2.  **Define the Agents:**
    * `ProjectManagerAgent`: This will be the entry point and will act as a router. It uses an LLM to decide whether the user's question is about product requirements or technical details, and routes to the appropriate researcher.
    * `PRDResearcherAgent`: A node that uses the `prd_retriever`.
    * `TechResearcherAgent`: A node that uses the `tech_retriever`.
    * `SynthesizerAgent`: A node that takes the collected documents from either researcher and synthesizes a final answer.
3.  **Build the Graph:** Use conditional edges to orchestrate the flow: The entry point is the `ProjectManager`, which then routes to either the `PRD_RESEARCHER` or `TECH_RESEARCHER`. Both of those nodes should then route to the `SYNTHESIZE` node, which then goes to the `END`.
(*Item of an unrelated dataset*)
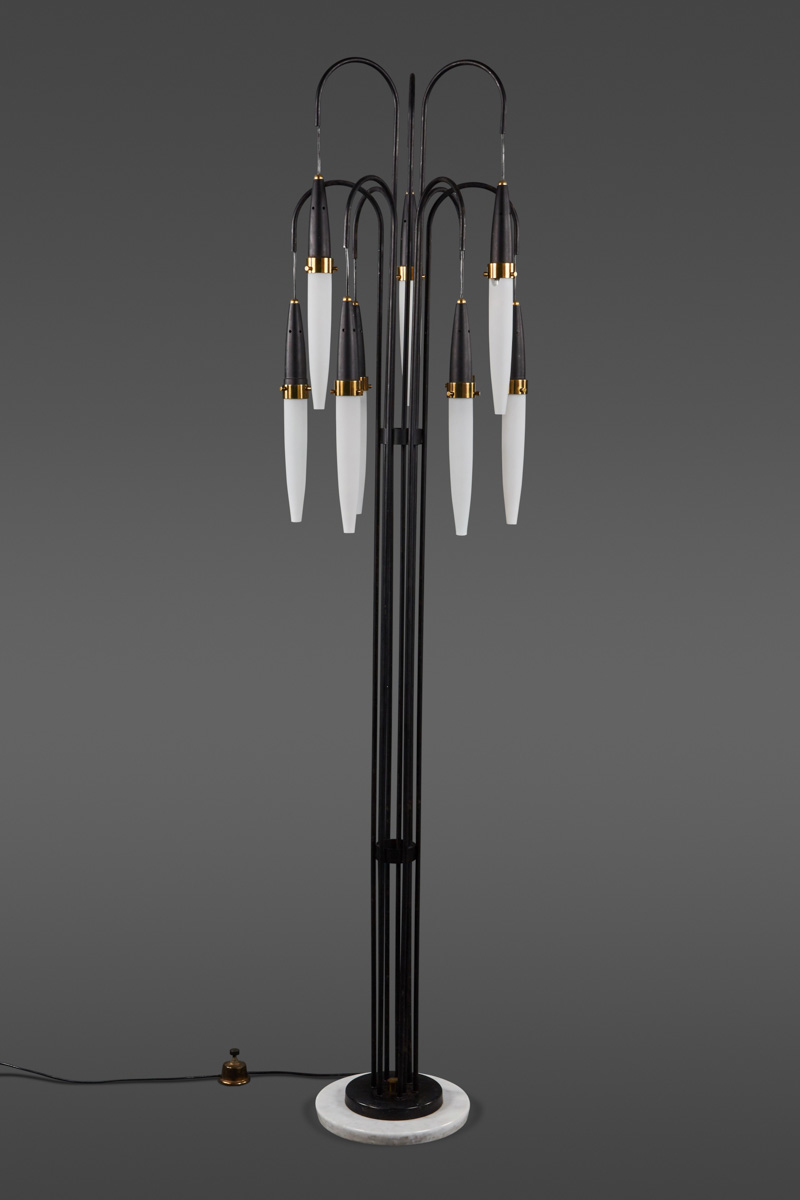 A Stunning Stilnovo Floor Lamp with Nine Cascading Pendant Lights of Opaline Glass(1963-40)

**Expected Quality:** A highly advanced agentic system that mimics a real-world research workflow, including a router and specialist roles, to improve the accuracy and efficiency of the RAG process.

In [None]:
# TODO: Write the code for the multi-agent research team with specialized retrievers and a router.


## Lab Conclusion

Incredible work! You have now built a truly sophisticated AI system. You've learned how to create a knowledge base for an agent and how to use LangGraph to orchestrate a team of specialized agents to solve a complex problem. You progressed from a simple RAG chain to a system that includes quality checks (the Grader) and intelligent task delegation (the Router). These are the core patterns for building production-ready RAG applications.

> **Key Takeaway:** LangGraph allows you to define complex, stateful, multi-agent workflows as a graph. Using nodes for agents and conditional edges for decision-making enables the creation of sophisticated systems that can reason, delegate, and collaborate to solve problems more effectively than a single agent could alone.